### What to produce
In the entries below, find the line with "電影還未開始,業(yè)主們" and the line with "HPC Unit 1 Test Version B". Repeat exactly everything between them, those two lines included, but not the pictures.
══ Material for this exercise ══
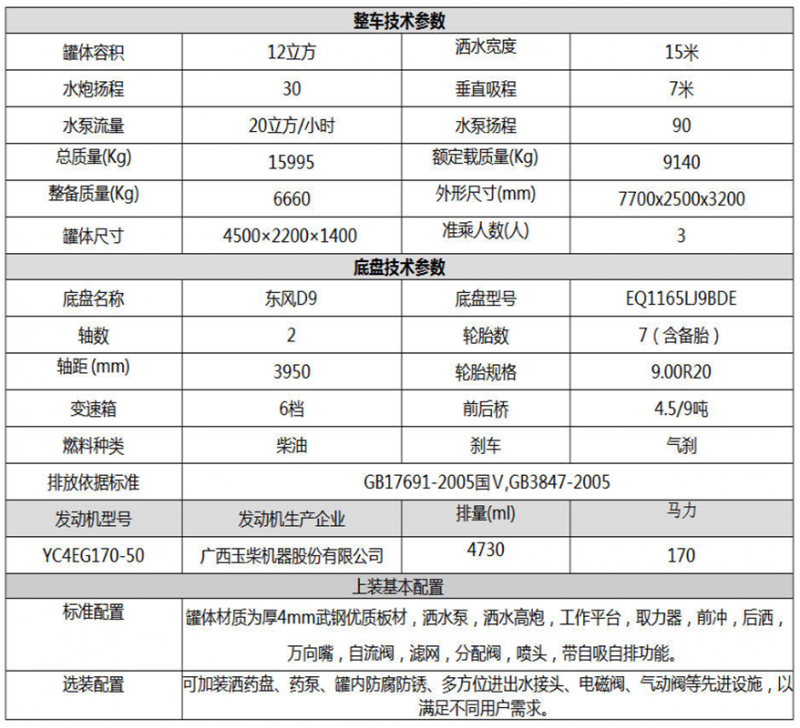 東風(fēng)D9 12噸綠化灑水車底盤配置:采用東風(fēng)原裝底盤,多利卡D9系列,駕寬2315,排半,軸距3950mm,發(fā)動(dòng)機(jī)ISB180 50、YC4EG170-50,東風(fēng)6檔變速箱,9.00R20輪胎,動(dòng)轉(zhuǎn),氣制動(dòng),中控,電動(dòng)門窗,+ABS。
═══
══ Material for this exercise ══
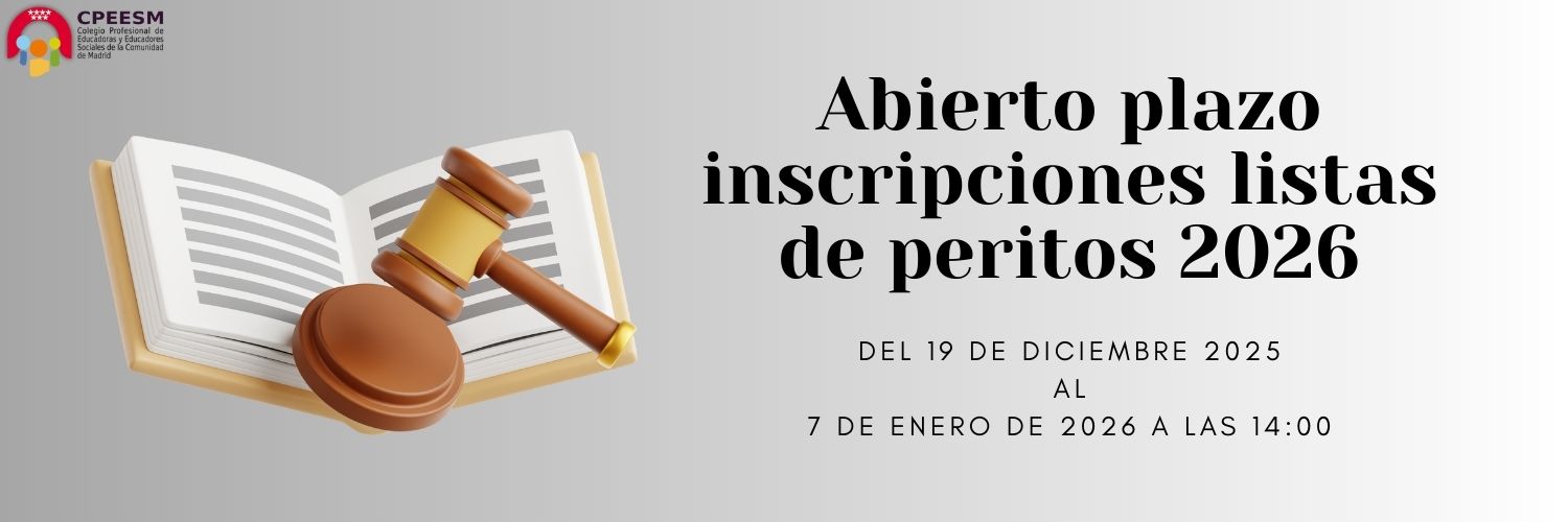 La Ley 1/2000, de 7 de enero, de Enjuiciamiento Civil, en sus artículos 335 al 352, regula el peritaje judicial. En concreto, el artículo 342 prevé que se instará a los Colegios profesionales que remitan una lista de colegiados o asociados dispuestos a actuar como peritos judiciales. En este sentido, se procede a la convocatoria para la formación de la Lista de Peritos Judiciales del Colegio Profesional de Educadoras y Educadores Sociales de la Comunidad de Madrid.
═══
══ Material for this exercise ══
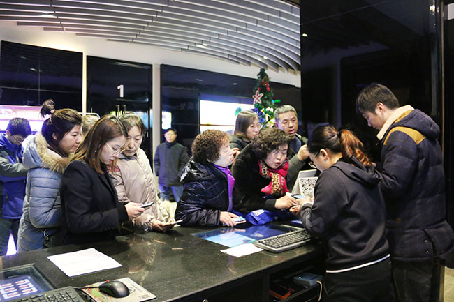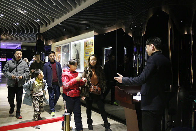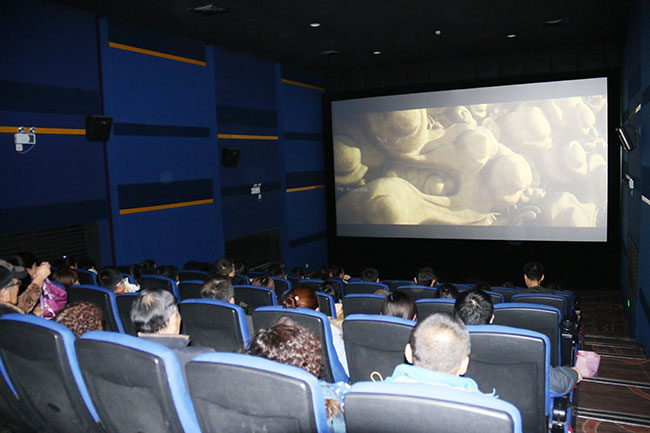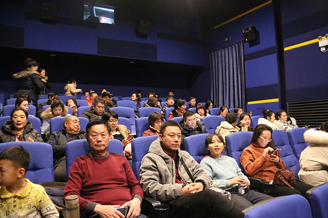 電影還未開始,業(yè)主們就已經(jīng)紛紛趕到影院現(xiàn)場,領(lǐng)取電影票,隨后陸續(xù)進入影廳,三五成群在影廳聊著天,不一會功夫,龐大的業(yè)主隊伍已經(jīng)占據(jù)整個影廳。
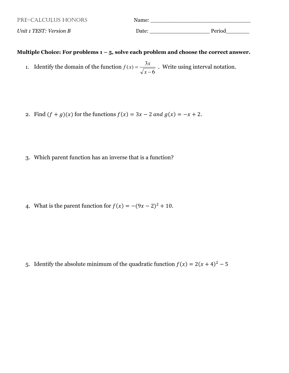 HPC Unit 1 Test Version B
═══
### Completed task
 電影還未開始,業(yè)主們就已經(jīng)紛紛趕到影院現(xiàn)場,領(lǐng)取電影票,隨后陸續(xù)進入影廳,三五成群在影廳聊著天,不一會功夫,龐大的業(yè)主隊伍已經(jīng)占據(jù)整個影廳。
 HPC Unit 1 Test Version B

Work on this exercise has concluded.